Excerpts from a dataset
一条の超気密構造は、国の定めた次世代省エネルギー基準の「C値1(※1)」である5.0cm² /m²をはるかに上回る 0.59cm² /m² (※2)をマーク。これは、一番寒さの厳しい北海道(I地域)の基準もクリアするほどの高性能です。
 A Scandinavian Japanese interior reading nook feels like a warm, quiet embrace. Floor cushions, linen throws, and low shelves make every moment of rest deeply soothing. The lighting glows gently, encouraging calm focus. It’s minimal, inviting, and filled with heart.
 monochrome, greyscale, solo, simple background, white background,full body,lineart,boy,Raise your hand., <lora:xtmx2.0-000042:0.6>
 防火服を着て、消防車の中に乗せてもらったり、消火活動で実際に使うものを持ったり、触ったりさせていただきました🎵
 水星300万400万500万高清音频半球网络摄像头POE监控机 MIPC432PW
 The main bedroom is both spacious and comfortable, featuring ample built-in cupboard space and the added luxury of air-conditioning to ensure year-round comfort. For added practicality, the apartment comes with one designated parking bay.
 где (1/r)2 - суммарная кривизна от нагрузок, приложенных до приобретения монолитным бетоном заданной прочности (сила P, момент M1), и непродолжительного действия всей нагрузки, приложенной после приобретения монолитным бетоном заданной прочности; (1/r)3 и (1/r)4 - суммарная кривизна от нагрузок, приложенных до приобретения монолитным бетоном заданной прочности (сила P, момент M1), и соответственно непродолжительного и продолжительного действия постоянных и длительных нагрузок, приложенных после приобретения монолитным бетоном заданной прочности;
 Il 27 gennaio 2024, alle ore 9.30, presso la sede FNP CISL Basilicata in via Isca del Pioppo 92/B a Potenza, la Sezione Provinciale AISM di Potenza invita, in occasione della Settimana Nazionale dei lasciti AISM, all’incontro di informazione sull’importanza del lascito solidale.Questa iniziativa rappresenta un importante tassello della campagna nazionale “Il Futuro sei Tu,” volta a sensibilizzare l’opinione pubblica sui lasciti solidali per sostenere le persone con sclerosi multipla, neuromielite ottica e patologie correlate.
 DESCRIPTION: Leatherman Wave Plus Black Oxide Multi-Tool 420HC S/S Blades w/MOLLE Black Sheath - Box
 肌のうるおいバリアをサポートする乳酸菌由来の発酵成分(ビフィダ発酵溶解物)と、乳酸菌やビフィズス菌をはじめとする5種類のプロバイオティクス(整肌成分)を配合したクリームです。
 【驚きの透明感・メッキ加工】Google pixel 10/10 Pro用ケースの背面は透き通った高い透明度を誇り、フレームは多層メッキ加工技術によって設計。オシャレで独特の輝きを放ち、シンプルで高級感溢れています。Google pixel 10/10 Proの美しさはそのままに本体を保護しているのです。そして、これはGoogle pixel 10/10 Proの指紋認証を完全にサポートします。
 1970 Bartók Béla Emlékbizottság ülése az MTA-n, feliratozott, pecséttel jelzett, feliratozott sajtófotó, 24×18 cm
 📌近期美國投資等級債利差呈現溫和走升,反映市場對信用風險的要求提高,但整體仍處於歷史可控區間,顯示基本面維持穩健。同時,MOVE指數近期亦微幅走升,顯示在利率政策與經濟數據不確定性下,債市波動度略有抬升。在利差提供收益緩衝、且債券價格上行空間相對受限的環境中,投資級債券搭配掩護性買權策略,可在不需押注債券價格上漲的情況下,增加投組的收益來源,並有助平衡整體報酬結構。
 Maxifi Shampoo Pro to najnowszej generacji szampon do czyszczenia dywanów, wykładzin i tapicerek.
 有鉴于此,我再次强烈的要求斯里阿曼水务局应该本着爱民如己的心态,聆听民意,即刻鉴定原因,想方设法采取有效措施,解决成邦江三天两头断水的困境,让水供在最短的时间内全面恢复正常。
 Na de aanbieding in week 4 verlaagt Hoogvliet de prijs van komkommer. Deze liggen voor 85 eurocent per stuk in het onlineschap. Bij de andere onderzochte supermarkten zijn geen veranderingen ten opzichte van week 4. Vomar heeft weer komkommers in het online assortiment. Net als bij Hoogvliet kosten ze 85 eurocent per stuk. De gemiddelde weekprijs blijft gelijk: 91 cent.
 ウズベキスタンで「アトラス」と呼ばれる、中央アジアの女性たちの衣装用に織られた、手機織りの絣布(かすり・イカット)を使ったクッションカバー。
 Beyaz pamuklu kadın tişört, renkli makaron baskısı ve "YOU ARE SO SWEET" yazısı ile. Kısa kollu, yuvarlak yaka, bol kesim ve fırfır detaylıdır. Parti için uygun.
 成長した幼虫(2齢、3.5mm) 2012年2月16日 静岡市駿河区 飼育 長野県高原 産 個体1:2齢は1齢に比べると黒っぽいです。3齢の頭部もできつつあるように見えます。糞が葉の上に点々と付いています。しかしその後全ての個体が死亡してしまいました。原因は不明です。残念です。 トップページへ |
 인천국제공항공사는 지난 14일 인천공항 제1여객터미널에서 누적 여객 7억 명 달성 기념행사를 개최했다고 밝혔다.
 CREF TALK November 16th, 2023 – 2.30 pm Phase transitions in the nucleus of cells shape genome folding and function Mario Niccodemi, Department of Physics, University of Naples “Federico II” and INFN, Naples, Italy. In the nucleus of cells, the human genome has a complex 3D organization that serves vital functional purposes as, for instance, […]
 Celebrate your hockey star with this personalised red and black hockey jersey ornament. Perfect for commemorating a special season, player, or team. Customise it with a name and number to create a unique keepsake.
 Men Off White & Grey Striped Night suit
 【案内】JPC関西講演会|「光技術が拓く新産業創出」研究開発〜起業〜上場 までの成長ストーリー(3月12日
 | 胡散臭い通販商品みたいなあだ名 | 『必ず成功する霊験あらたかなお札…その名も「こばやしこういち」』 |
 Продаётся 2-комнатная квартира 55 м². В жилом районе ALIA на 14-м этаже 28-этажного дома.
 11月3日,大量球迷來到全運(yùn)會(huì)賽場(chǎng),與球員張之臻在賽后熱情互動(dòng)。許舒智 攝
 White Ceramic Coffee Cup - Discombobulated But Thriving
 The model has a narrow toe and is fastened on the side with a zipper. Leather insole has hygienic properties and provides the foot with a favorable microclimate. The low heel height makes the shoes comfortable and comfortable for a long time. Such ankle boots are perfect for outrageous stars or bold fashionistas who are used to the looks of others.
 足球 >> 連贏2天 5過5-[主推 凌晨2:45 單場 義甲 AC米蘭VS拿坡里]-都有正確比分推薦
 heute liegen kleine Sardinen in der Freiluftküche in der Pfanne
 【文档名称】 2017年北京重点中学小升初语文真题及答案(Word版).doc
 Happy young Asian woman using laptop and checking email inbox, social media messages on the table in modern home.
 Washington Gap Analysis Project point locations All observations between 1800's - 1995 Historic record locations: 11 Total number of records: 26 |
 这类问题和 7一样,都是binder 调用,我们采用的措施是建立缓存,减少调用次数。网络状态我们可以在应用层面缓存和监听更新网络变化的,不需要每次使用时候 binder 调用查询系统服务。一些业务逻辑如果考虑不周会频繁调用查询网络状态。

| Work order |
For every line above that includes the word "your", return the line.

| Solution to this problem |
 monochrome, greyscale, solo, simple background, white background,full body,lineart,boy,Raise your hand., <lora:xtmx2.0-000042:0.6>
 Celebrate your hockey star with this personalised red and black hockey jersey ornament. Perfect for commemorating a special season, player, or team. Customise it with a name and number to create a unique keepsake.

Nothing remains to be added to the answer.